**WHAT IS BEING ASKED**
In the listing below, find the line with "あなたの人生を表す1番重要な" and the line with "しかし、体がボールの真上まで", then return them and every line between them exactly, minus the pictures.

**DATA EXTRACTS**
#####

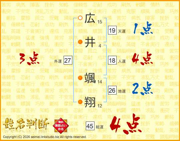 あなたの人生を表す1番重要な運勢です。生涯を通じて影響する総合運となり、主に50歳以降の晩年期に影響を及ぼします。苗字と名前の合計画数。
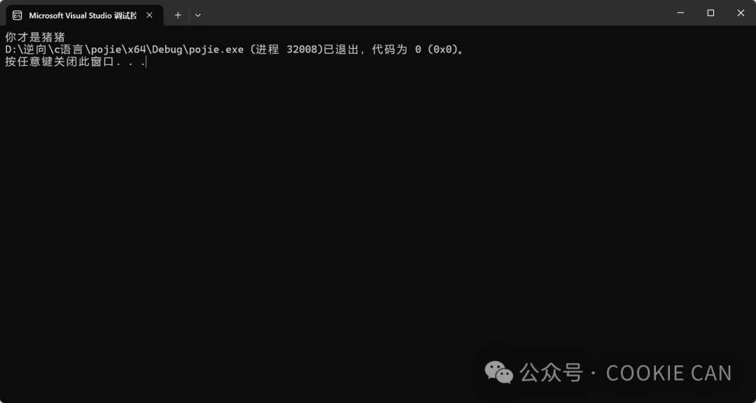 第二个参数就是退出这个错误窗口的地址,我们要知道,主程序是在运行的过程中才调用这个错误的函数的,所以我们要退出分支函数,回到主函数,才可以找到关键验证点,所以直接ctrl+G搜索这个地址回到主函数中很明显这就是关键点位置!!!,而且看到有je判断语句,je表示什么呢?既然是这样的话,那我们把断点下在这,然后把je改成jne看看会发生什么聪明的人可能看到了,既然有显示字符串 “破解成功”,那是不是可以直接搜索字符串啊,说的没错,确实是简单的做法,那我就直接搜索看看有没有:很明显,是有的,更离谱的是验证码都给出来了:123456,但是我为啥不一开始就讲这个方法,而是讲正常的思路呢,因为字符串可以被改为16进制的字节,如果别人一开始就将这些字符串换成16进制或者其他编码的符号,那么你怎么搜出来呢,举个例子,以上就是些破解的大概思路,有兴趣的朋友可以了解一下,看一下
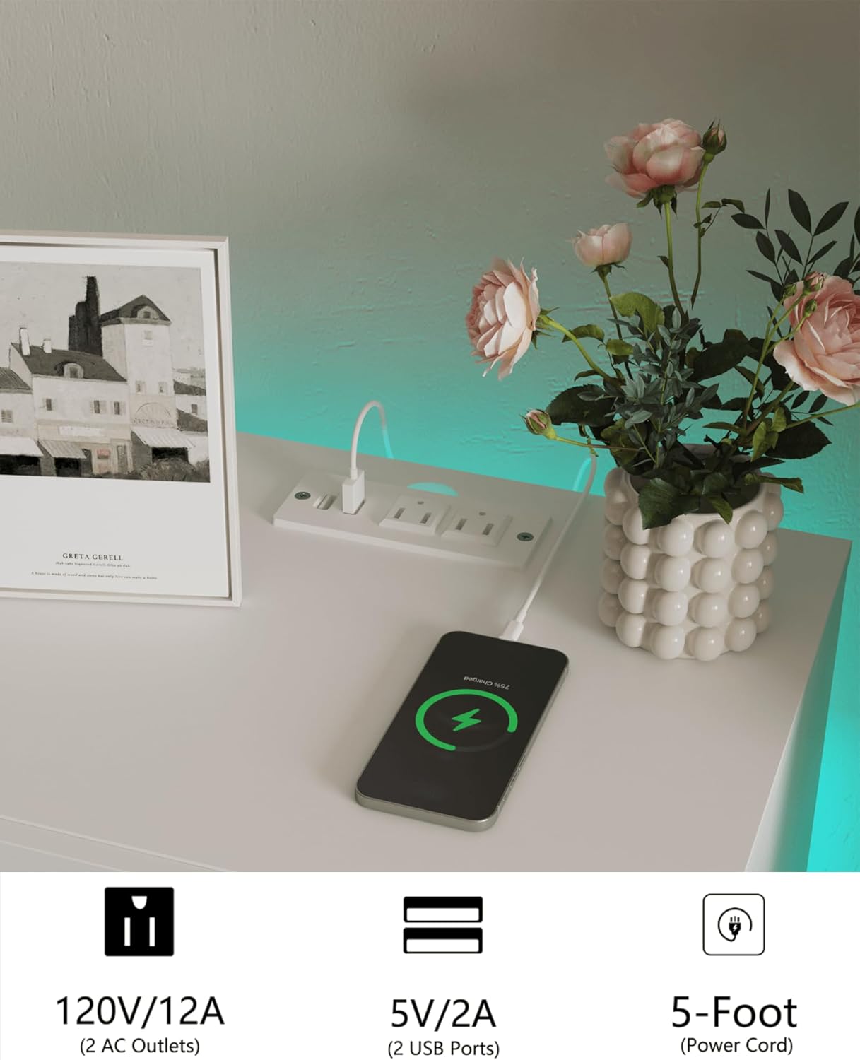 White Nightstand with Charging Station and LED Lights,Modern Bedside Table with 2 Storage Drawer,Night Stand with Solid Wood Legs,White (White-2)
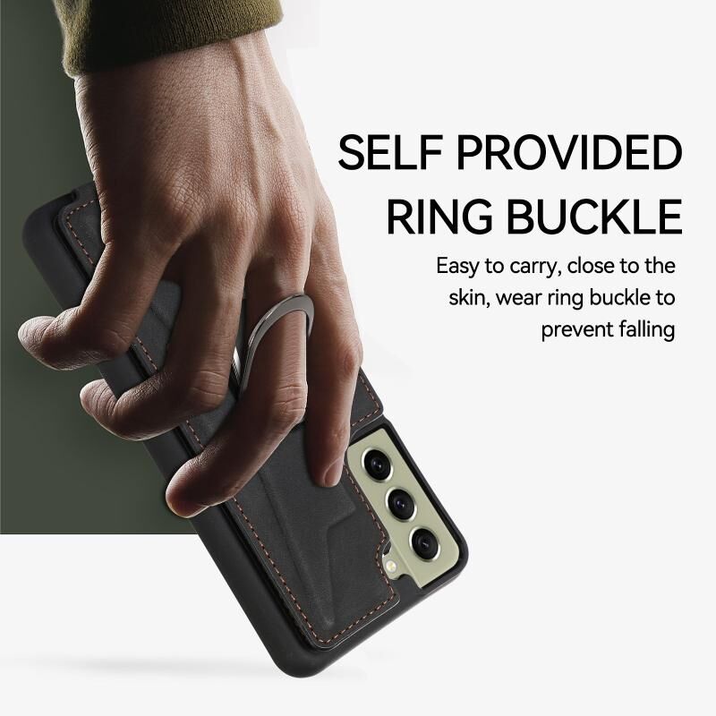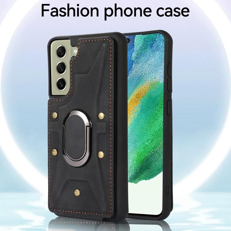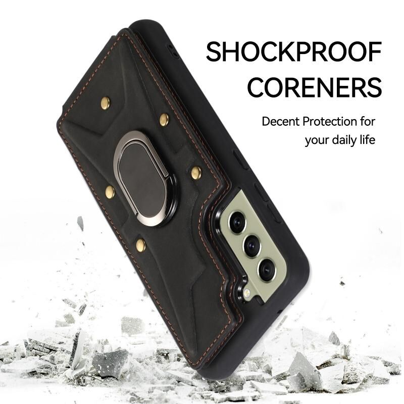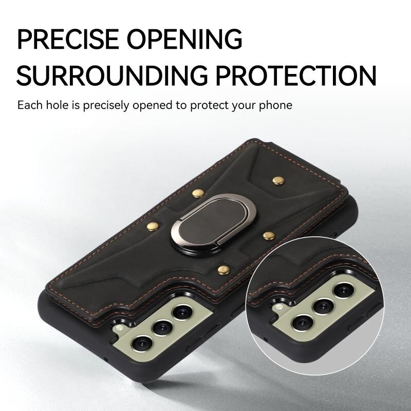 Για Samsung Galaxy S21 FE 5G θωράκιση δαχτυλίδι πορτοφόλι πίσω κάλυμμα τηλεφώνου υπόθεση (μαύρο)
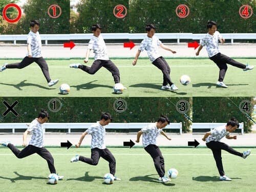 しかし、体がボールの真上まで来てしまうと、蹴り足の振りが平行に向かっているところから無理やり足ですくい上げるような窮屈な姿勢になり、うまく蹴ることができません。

#####

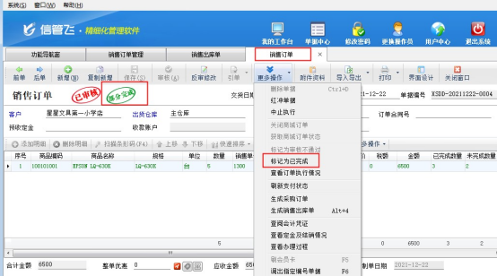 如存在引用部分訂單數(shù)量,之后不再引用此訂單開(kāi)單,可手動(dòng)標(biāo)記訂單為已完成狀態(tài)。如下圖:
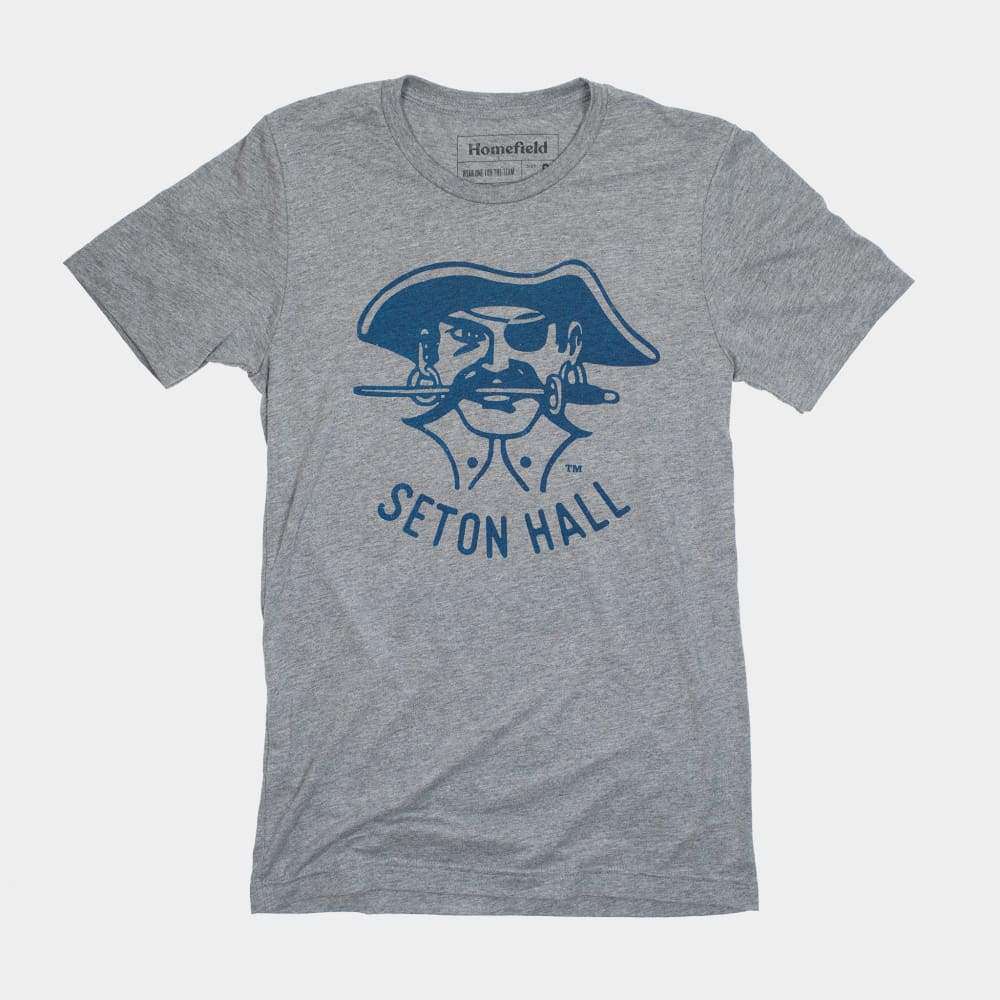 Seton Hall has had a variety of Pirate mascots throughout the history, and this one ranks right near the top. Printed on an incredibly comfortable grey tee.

#####

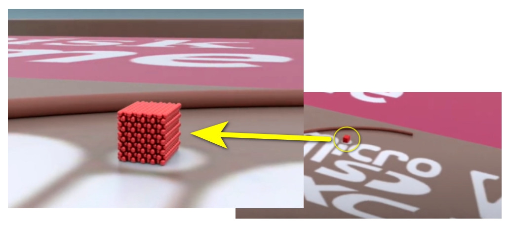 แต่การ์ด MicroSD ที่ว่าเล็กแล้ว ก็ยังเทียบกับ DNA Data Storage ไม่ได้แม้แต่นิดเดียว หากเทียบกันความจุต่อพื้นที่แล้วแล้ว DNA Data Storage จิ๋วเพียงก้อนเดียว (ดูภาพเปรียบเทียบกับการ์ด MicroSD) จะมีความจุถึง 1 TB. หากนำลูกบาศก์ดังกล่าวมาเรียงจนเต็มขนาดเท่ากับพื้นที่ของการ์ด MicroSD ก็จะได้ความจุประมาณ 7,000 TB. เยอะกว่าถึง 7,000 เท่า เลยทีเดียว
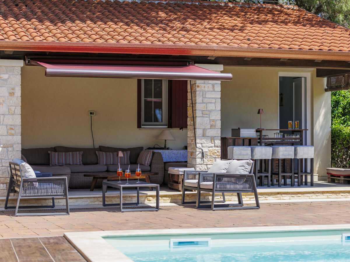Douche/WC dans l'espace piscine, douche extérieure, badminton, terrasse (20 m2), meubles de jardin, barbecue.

#####

**EXERCISE RESPONSE**
 あなたの人生を表す1番重要な運勢です。生涯を通じて影響する総合運となり、主に50歳以降の晩年期に影響を及ぼします。苗字と名前の合計画数。
 第二个参数就是退出这个错误窗口的地址,我们要知道,主程序是在运行的过程中才调用这个错误的函数的,所以我们要退出分支函数,回到主函数,才可以找到关键验证点,所以直接ctrl+G搜索这个地址回到主函数中很明显这就是关键点位置!!!,而且看到有je判断语句,je表示什么呢?既然是这样的话,那我们把断点下在这,然后把je改成jne看看会发生什么聪明的人可能看到了,既然有显示字符串 “破解成功”,那是不是可以直接搜索字符串啊,说的没错,确实是简单的做法,那我就直接搜索看看有没有:很明显,是有的,更离谱的是验证码都给出来了:123456,但是我为啥不一开始就讲这个方法,而是讲正常的思路呢,因为字符串可以被改为16进制的字节,如果别人一开始就将这些字符串换成16进制或者其他编码的符号,那么你怎么搜出来呢,举个例子,以上就是些破解的大概思路,有兴趣的朋友可以了解一下,看一下
 White Nightstand with Charging Station and LED Lights,Modern Bedside Table with 2 Storage Drawer,Night Stand with Solid Wood Legs,White (White-2)
 Για Samsung Galaxy S21 FE 5G θωράκιση δαχτυλίδι πορτοφόλι πίσω κάλυμμα τηλεφώνου υπόθεση (μαύρο)
 しかし、体がボールの真上まで来てしまうと、蹴り足の振りが平行に向かっているところから無理やり足ですくい上げるような窮屈な姿勢になり、うまく蹴ることができません。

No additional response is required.